-- Study material --
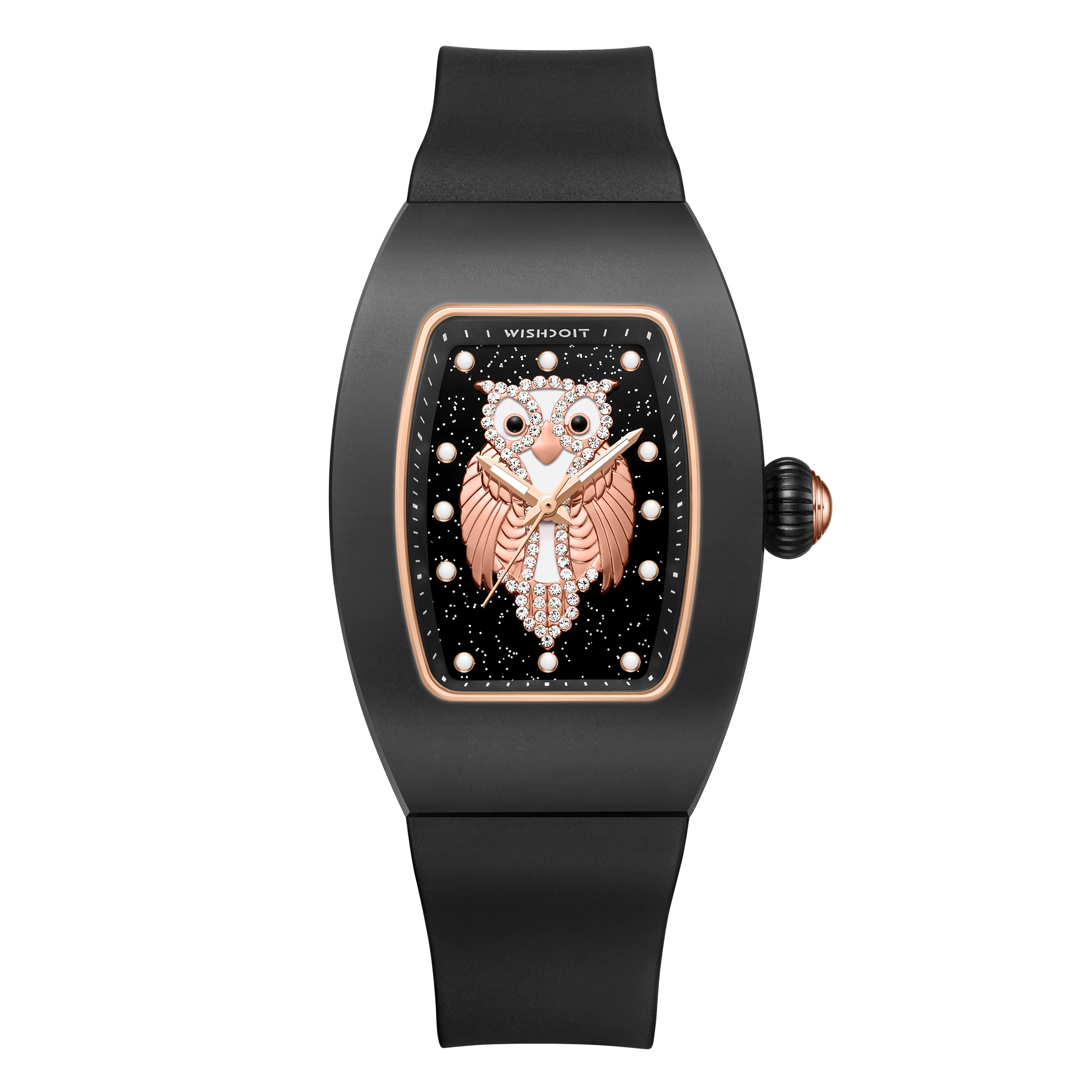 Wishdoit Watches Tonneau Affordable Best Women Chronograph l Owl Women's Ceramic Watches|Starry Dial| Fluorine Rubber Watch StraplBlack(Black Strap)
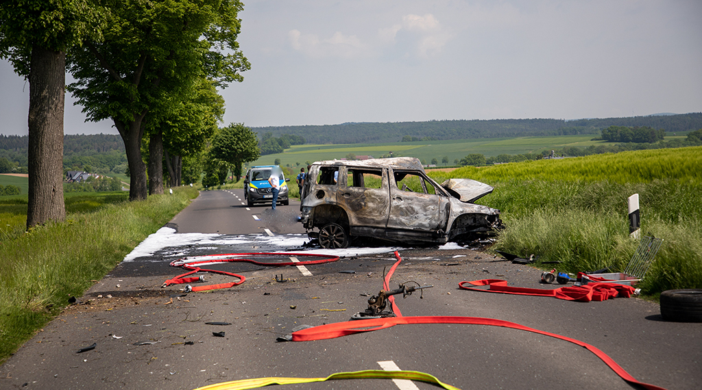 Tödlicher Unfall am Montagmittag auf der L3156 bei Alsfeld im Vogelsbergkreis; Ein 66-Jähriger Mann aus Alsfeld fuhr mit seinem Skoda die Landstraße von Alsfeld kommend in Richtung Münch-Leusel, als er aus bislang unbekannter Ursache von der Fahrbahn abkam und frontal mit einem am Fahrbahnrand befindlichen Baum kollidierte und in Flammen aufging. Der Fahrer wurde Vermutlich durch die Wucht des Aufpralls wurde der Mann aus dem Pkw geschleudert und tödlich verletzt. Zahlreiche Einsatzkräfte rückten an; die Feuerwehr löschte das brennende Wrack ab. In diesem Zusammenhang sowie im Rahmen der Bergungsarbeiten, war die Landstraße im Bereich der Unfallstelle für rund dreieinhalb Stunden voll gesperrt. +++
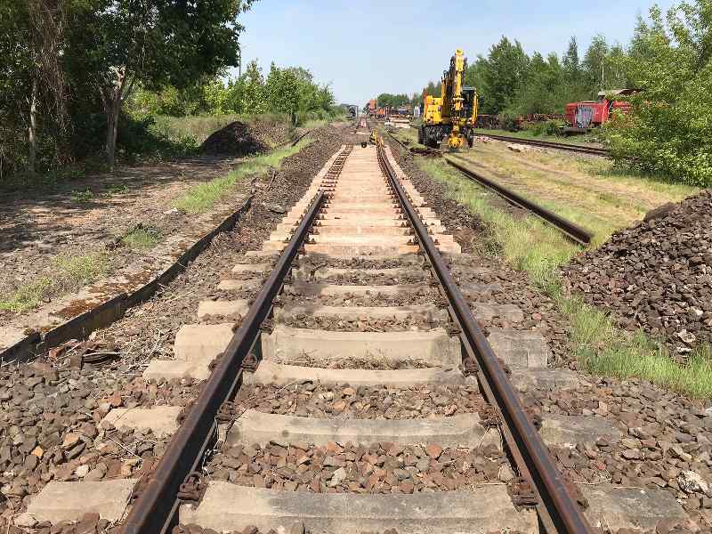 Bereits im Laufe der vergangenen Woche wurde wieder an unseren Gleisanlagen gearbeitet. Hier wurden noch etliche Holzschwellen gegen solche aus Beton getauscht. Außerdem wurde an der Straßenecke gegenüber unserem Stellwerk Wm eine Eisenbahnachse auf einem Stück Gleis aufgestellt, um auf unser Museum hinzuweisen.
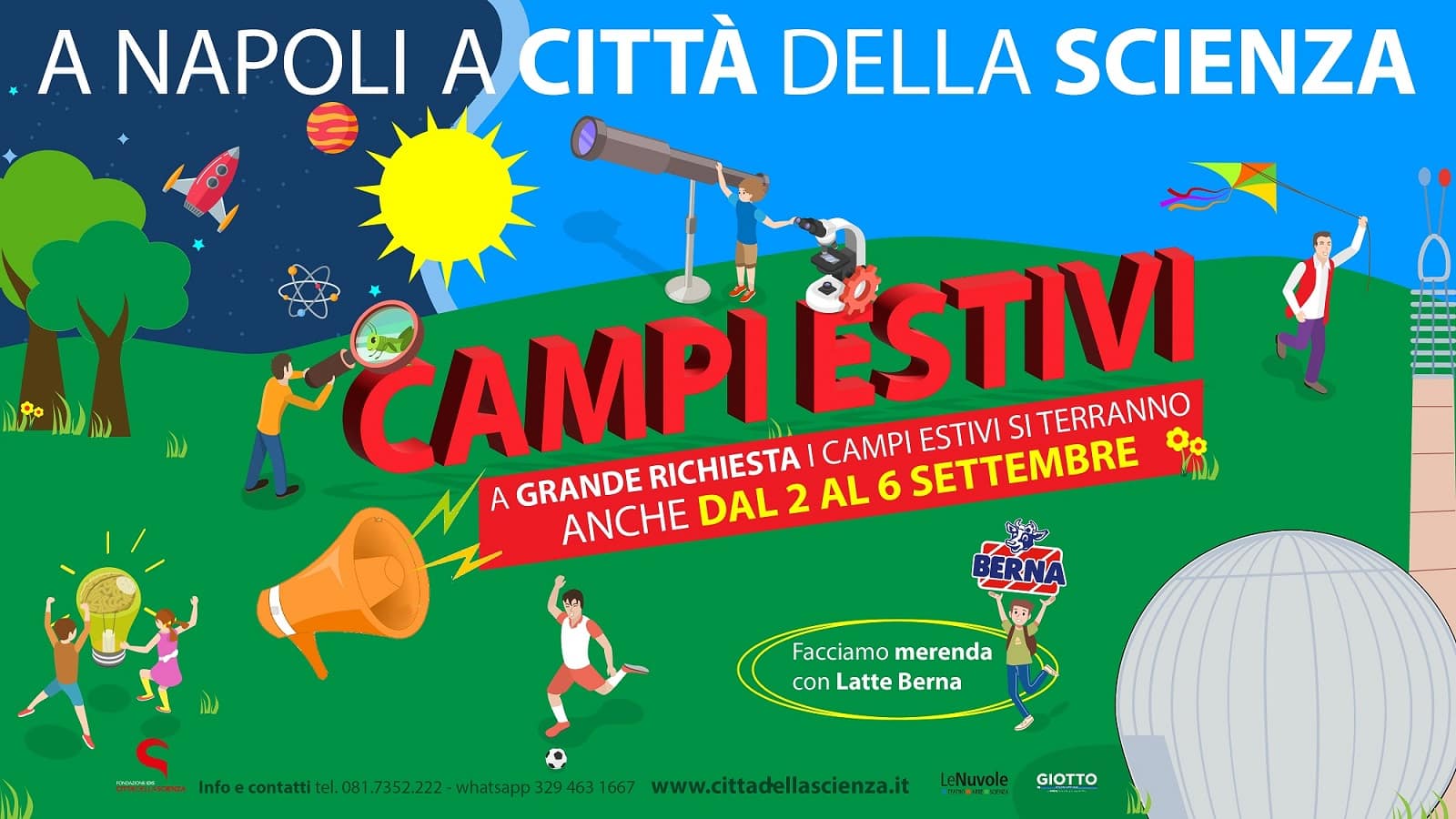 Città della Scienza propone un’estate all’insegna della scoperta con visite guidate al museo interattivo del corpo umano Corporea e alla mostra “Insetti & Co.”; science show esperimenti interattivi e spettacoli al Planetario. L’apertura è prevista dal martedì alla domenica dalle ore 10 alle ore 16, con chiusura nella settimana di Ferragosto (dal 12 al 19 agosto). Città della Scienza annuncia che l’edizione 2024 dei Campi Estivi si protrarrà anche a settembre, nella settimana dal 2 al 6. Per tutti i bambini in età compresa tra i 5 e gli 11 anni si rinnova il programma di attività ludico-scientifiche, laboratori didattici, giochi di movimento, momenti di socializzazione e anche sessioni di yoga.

==

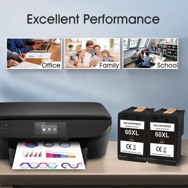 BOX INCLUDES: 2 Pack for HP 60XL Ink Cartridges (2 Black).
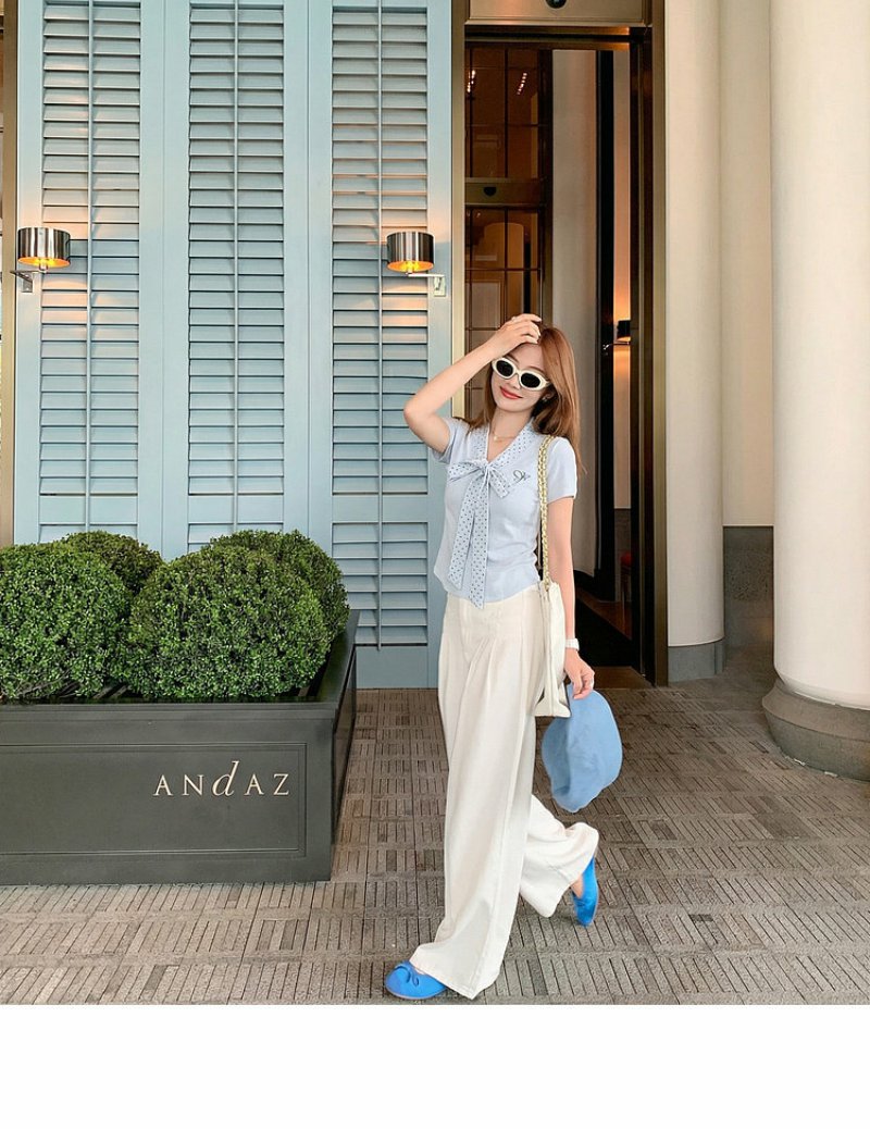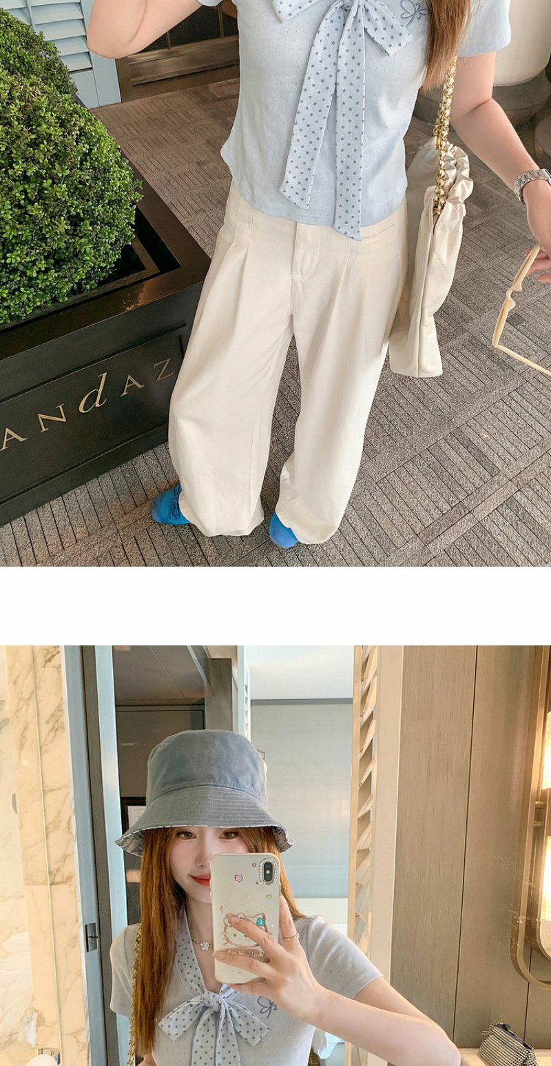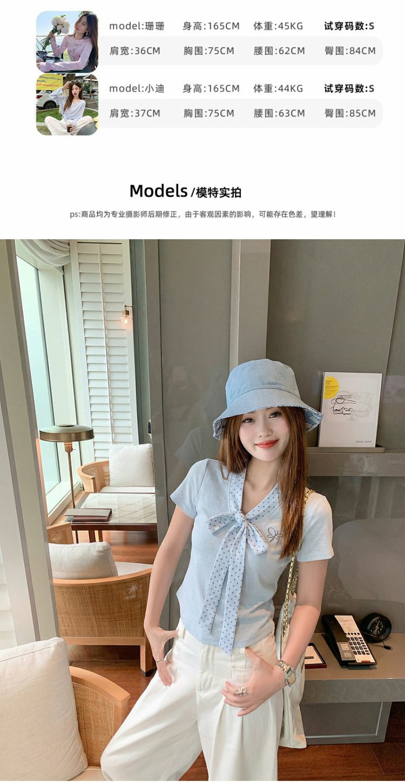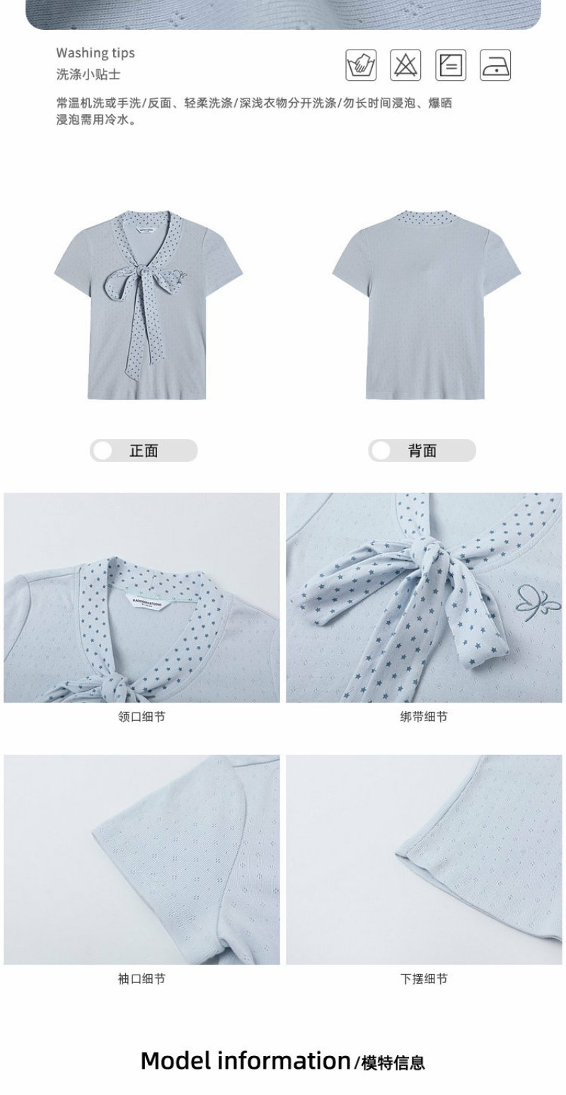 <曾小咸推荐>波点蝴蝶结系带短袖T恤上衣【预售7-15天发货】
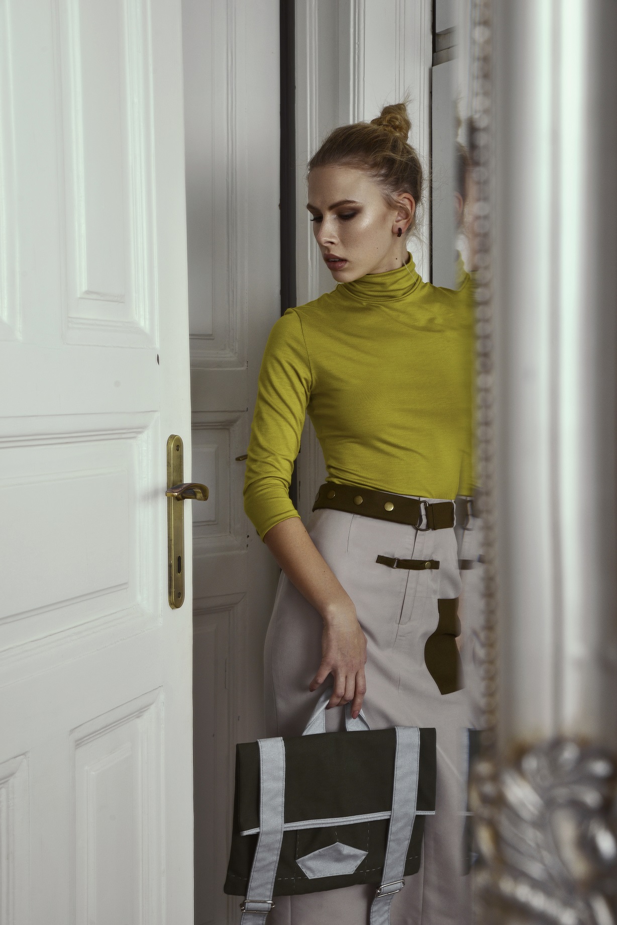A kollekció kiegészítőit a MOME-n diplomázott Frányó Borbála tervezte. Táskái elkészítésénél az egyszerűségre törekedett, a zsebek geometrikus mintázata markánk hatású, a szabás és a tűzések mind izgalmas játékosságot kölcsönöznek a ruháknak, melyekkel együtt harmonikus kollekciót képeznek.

-- Try it --
Beginning at the line above that contains "Tödlicher Unfall am" and going on through the line that contains "Bereits im Laufe", please copy every line exactly, leaving the pictures out and adding nothing.

-- Written response --
 Tödlicher Unfall am Montagmittag auf der L3156 bei Alsfeld im Vogelsbergkreis; Ein 66-Jähriger Mann aus Alsfeld fuhr mit seinem Skoda die Landstraße von Alsfeld kommend in Richtung Münch-Leusel, als er aus bislang unbekannter Ursache von der Fahrbahn abkam und frontal mit einem am Fahrbahnrand befindlichen Baum kollidierte und in Flammen aufging. Der Fahrer wurde Vermutlich durch die Wucht des Aufpralls wurde der Mann aus dem Pkw geschleudert und tödlich verletzt. Zahlreiche Einsatzkräfte rückten an; die Feuerwehr löschte das brennende Wrack ab. In diesem Zusammenhang sowie im Rahmen der Bergungsarbeiten, war die Landstraße im Bereich der Unfallstelle für rund dreieinhalb Stunden voll gesperrt. +++
 Bereits im Laufe der vergangenen Woche wurde wieder an unseren Gleisanlagen gearbeitet. Hier wurden noch etliche Holzschwellen gegen solche aus Beton getauscht. Außerdem wurde an der Straßenecke gegenüber unserem Stellwerk Wm eine Eisenbahnachse auf einem Stück Gleis aufgestellt, um auf unser Museum hinzuweisen.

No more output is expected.